Required work =
Lines from the one with "Photo of Arvin" up to and including the one with "Medicinal Vessels: Antique" are to be copied exactly from the records below, without their pictures.

Source data:
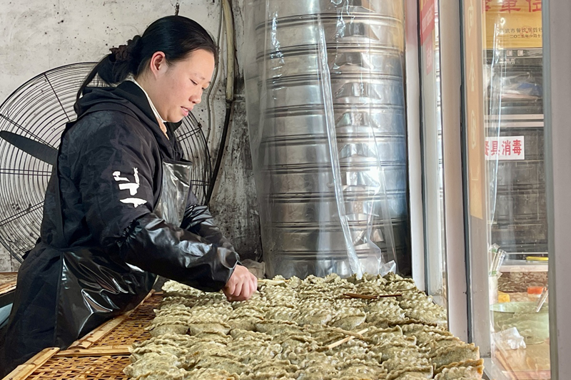 At 4 am, while most of Shaowu in northern Fujian province is still asleep, steam rises from Cai Minjun's shop. Inside, a dozen women sit around long tables in the fluorescent-lit workspace, pinching, folding, and sealing to transform lumps of dark-speckled rice dough into crescent-shaped dumplings.
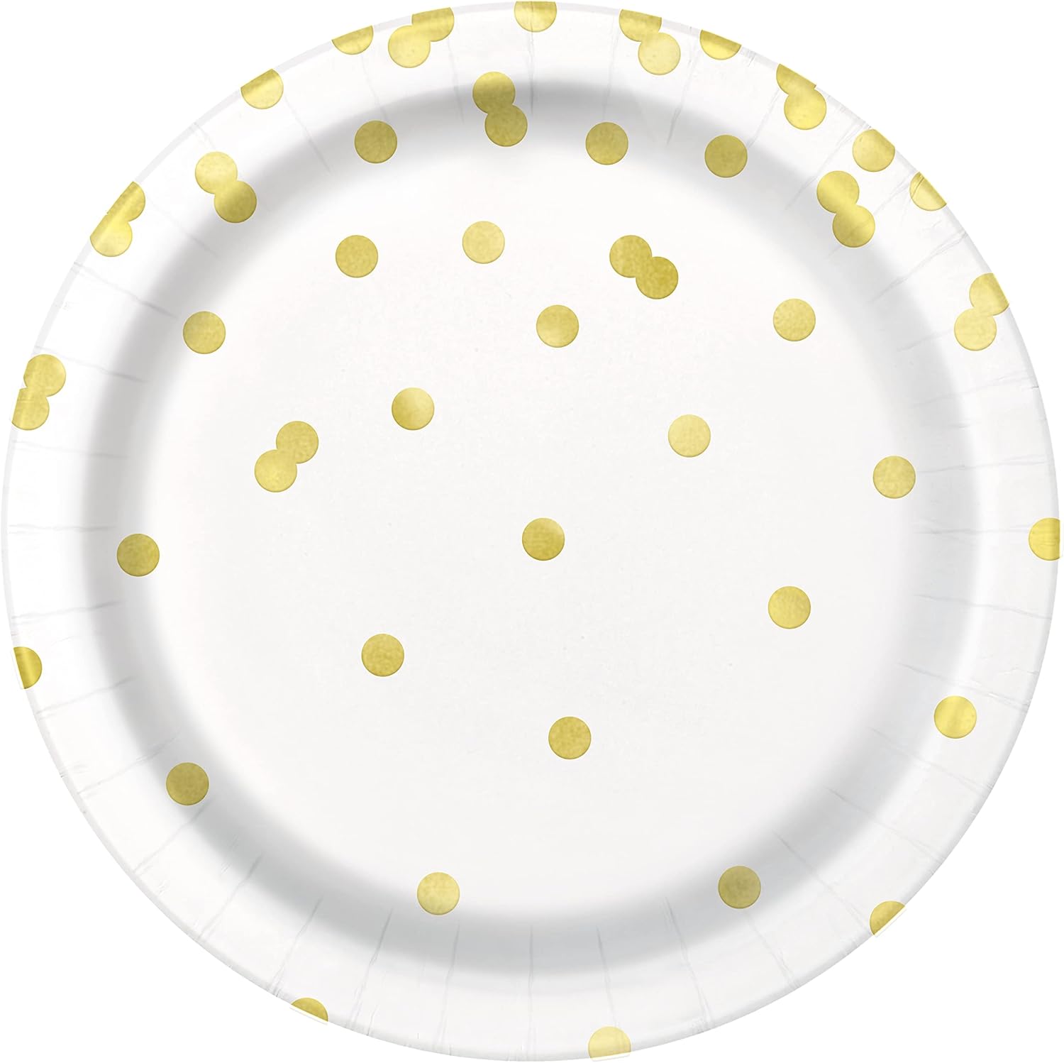 Μεταμόρφωσε το τραπέζι του πάρτι σου σε ένα λαμπερό σκηνικό με αυτά τα κομψά χάρτινα πιάτα με λευκό φόντο και χρυσές τυπωμένες κουκίδες τύπου confetti. Ιδανικά για γενέθλια, baby-shower, επετείους ή οποιοδήποτε event χρειάζεται «λάμψη» και στυλ.
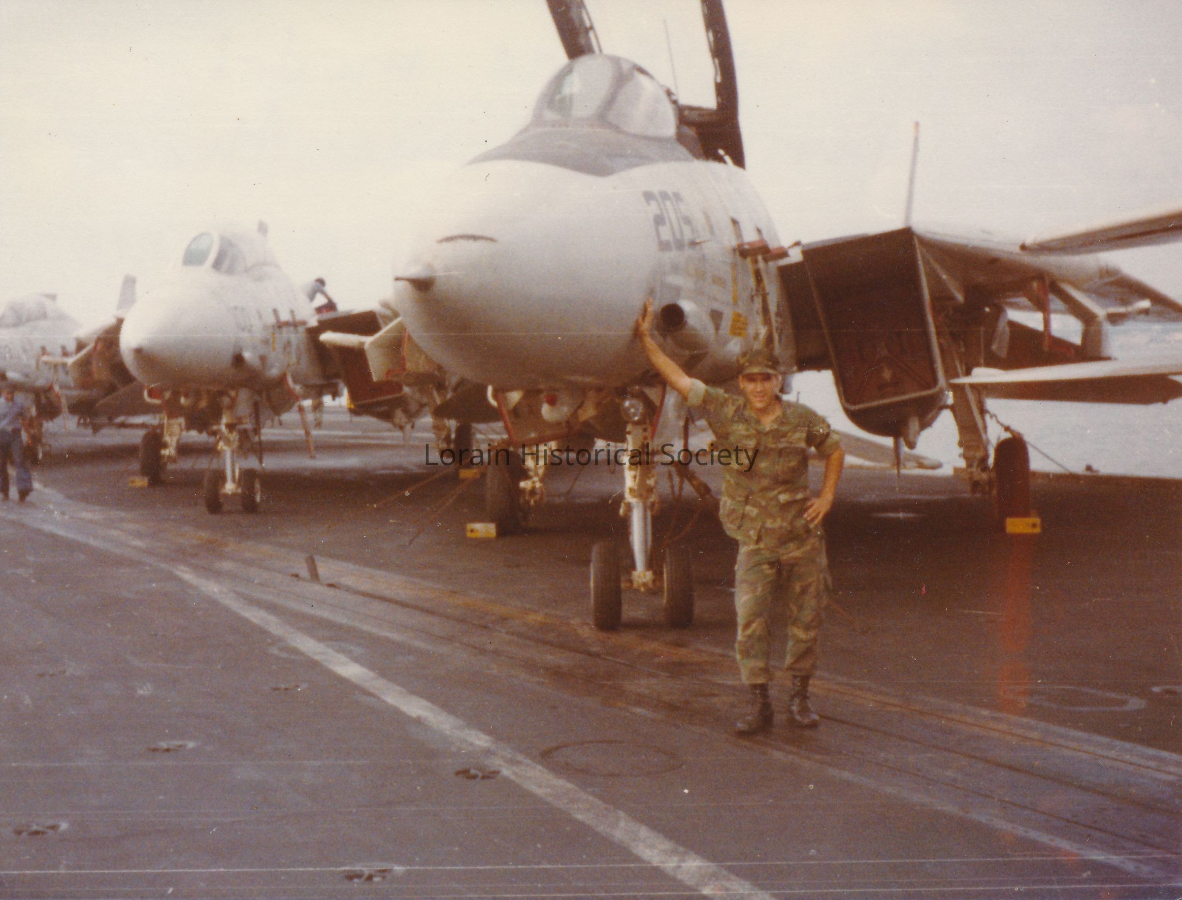 Photo of Arvin Morell posing next to a plane aboard the U.S.S. Nimitz in the early 1980s. Arvin is wearing his fatigues. Three planes are pictured. The note on the back of the photo states that these planes were the same model as the plane that shot down two planes in Lebanon. Arvin served in the U.S. Marine Corps between 1980 and 1984 and participated in military peace-keeping operations in Lebanon during the Lebanese Civil War.Collection
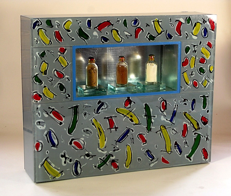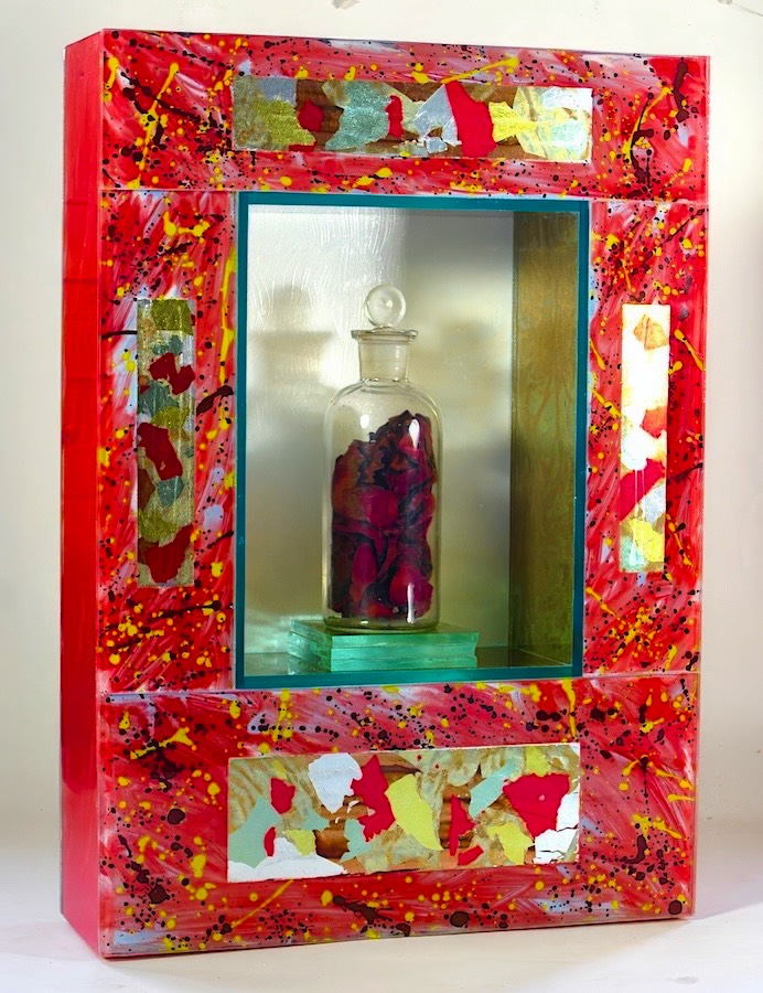Medicinal Vessels: Antique objects, reverse painting on plate glass $1,500 15 x 4 x 12
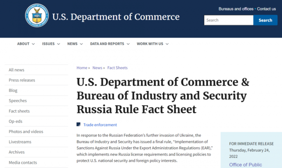 ▲BIS公布了俄罗斯工业新技术出口限制的细节
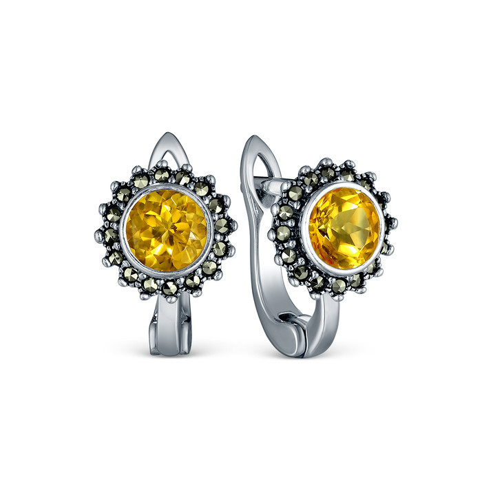 Серьги из чернёного серебра с натуральным цитрином и марказитами 925 пробы HE175
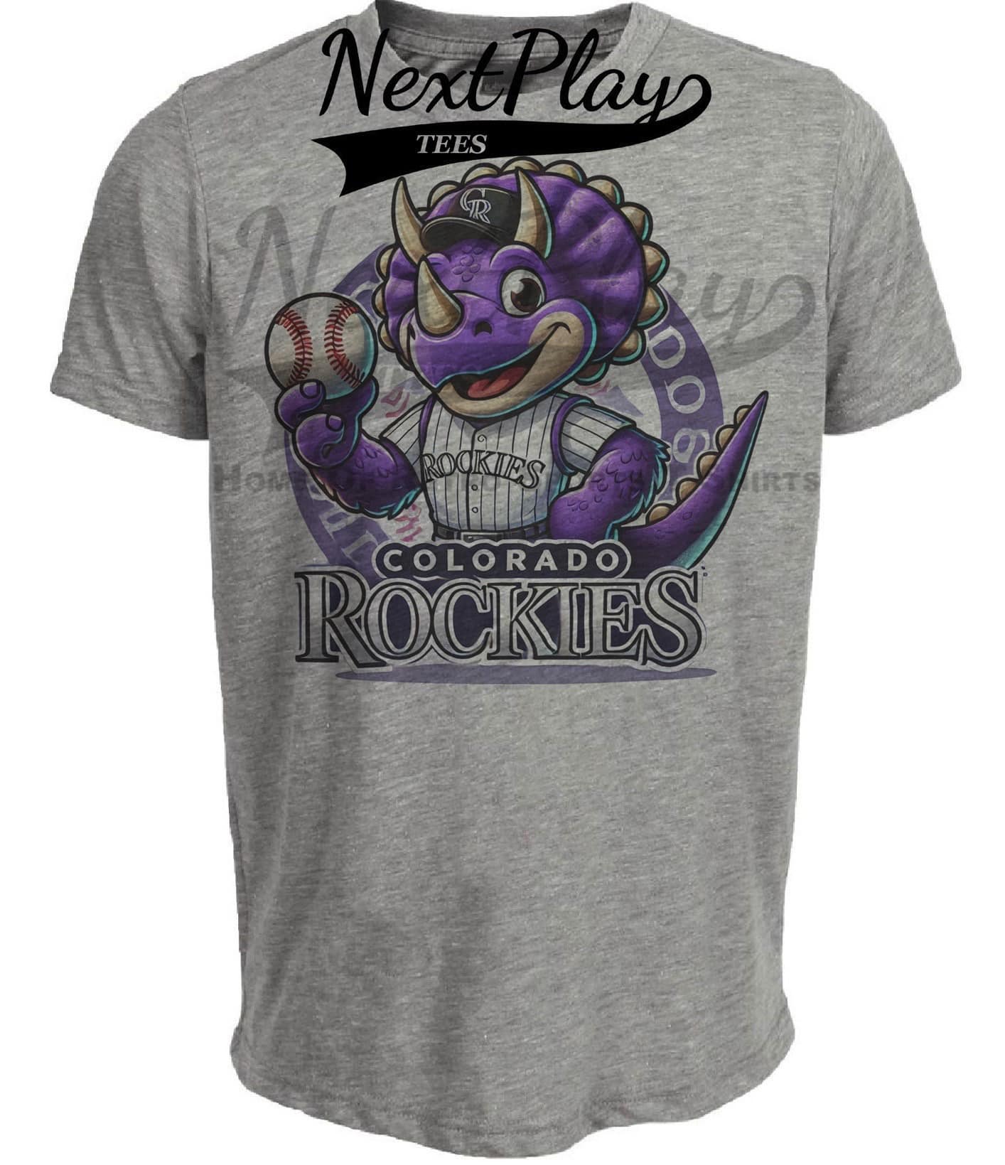Colorado Rockies Exclusive Retro Baseball Mascot Artwork Heather Gray Sublimated T-Shirt
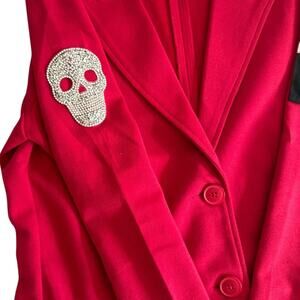 Miller Wendt Embellished Blazer Stretch Collared Red Black Silver Women's Sz XS

Exercise result =
 Photo of Arvin Morell posing next to a plane aboard the U.S.S. Nimitz in the early 1980s. Arvin is wearing his fatigues. Three planes are pictured. The note on the back of the photo states that these planes were the same model as the plane that shot down two planes in Lebanon. Arvin served in the U.S. Marine Corps between 1980 and 1984 and participated in military peace-keeping operations in Lebanon during the Lebanese Civil War.Collection
Medicinal Vessels: Antique objects, reverse painting on plate glass $1,500 15 x 4 x 12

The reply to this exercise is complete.